We have removed the sidecar and are now deploying this Ingress to serve Plone. This is a specific configuration that serves Plone at /api because it's used for Volto, but it's still a good example.

apiVersion: extensions/v1beta1
kind: Ingress
metadata:
  name: my-plone
  namespace: my-namespace
  annotations:
    nginx.ingress.kubernetes.io/rewrite-target: /VirtualHostBase/http/my.plone.it:80/Plone/VirtualHostRoot/_vh_api$1
spec:
  rules:
  - host: my.plone.it
    http:
      paths:
      - backend:
          serviceName: my-plone-svc
          servicePort: 8080
        path: /api($|/.*)

@djay Thanks for the pointer to the ZMI, I'm actually no expert of Zope/ZMI/VHM so I had no idea. Nevertheless, the Ingress solution above is probably better because it's actually just a couple of extra lines of code away.

Regarding Varnish, it's a topic we are currently exploring.

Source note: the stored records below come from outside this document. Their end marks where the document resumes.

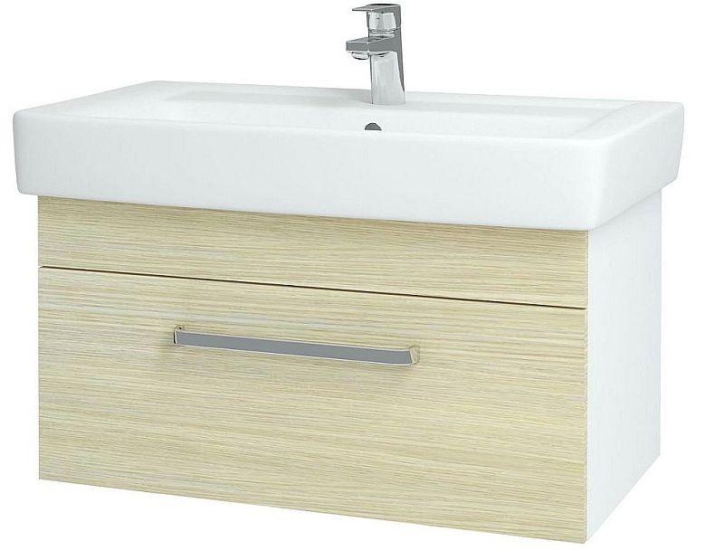 DŘEVOJAS Q UNO 800 skříňka s umyvadlem Q 800, bílá/dub, úchytka mat 20104A
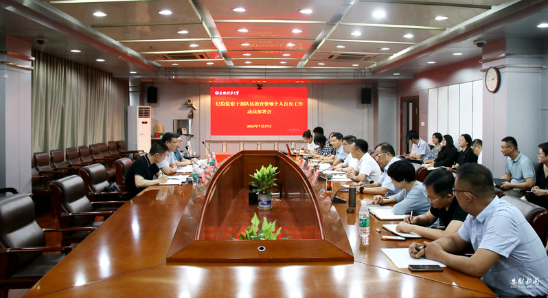 武刚作动员部署讲话。他指出,开展纪检监察干部队伍教育整顿,是习近平总书记亲自点题、亲自部署的重大政治工作,全校纪检监察干部要提高政治站位,深刻认识纪检监察干部队伍教育整顿的重大意义,要从坚定拥护“两个确立”、坚决做到“两个维护”的高度,深刻认识开展纪检监察干部队伍教育整顿的极端重要性和现实紧迫性;要强化思想认识,发扬彻底的自我革命精神,以强化党性修养为切入点,以检视整治为契机,自觉接受刻骨铭心的革命性锻造和深入灵魂的精神洗礼,以高度的政治自觉、思想自觉和行动自觉落实好检视整治的各项任务;要坚持严实标准,主动解开心结,打消思想顾虑,勇于自我剖析,坚持刀刃向己,主动把自己摆进去,全面检视问题,以问题的整改为突破点,边查边改、真查真改,补短板、强弱项,以做好个人自查工作推动检视整治的常态化、长效化,推动教育整顿实实在在取得成效。
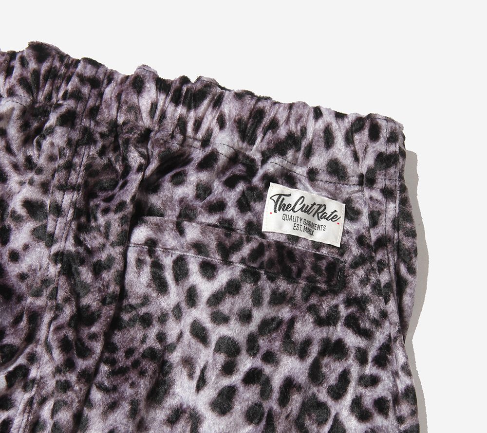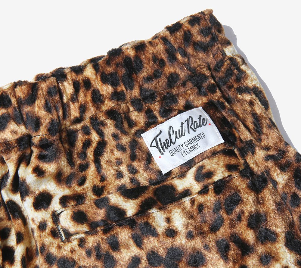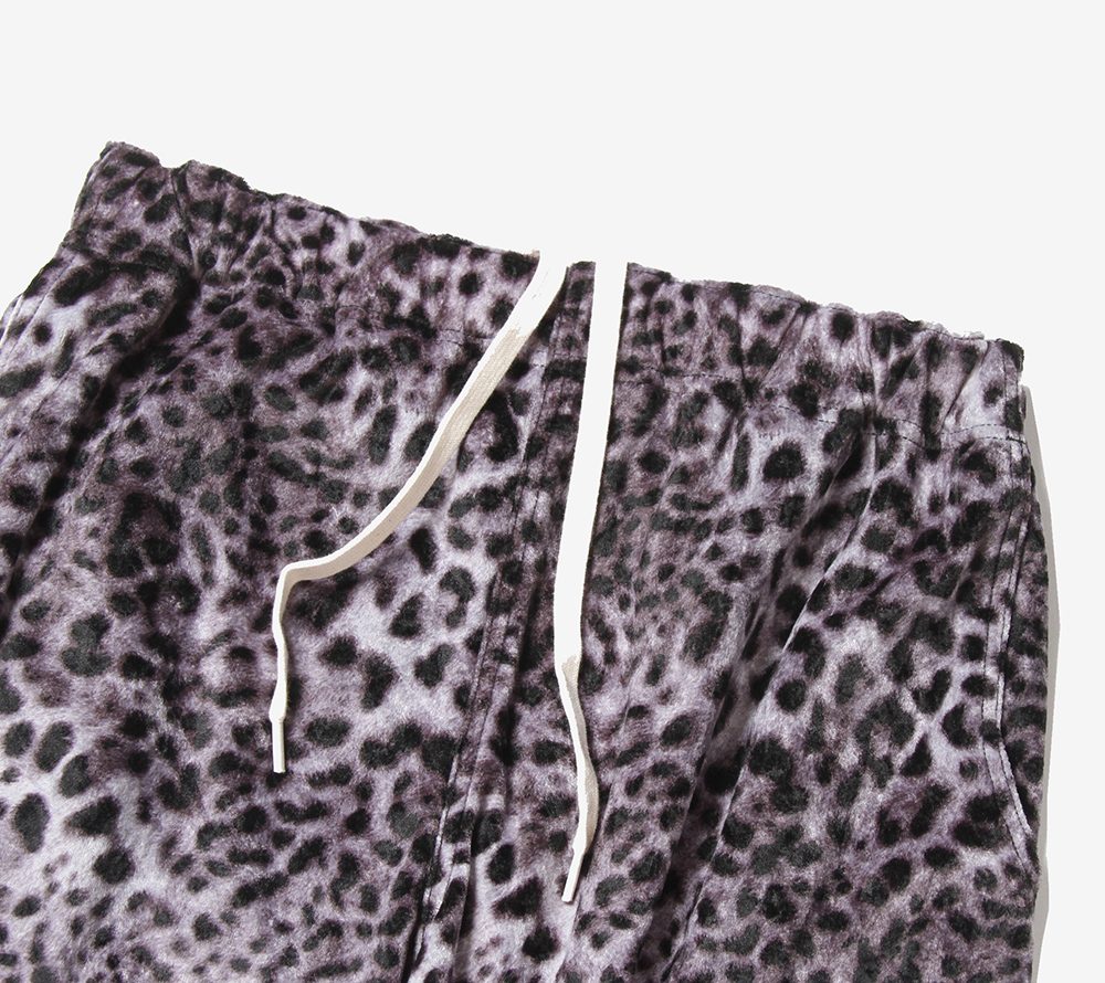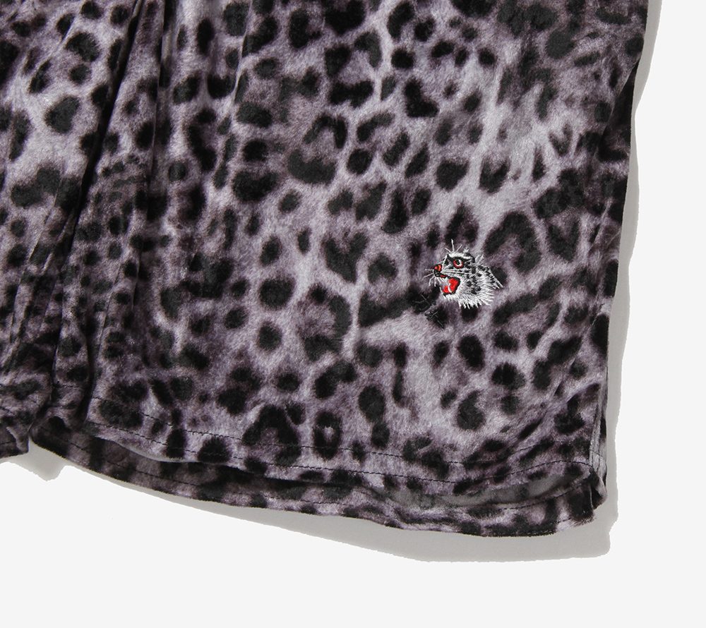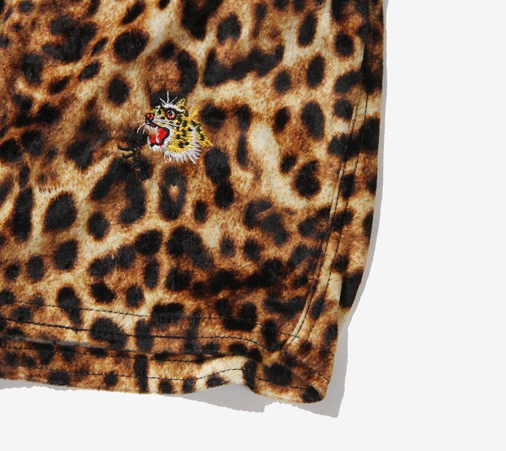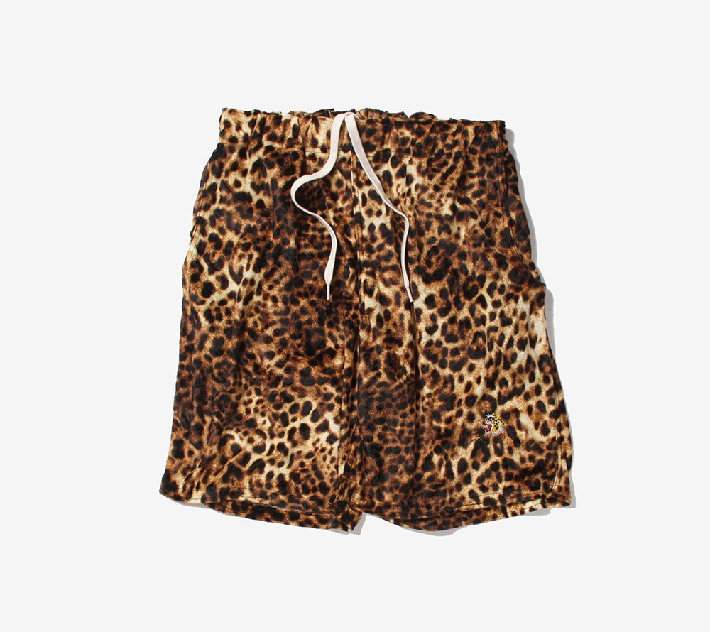 パイル風ストレッチ素材のレオパード地を使用したリラックスショーツ。フロントにはスーベニア風のヒョウをワンポイント刺繍であしらっております。

I see there are multiple solutions that feel like they're a little overengineered for our case, which involve changing the whole ingress-controller to a varnish controller. We had no time to check on the community support on that and are currently trying with a simpler solution that uses plone.recipe.varnish. This solution doesn't allow Varnish to be scaled afaik, but we don't really need to.
Here it is, born these days with no Readme still, with a lot of testing and configuration still needed, but apparently working. It should be fairly configurable with the env vars that can be found in the docker-initialize.py file.

https://hub.docker.com/r/redturtletech/varnish-plone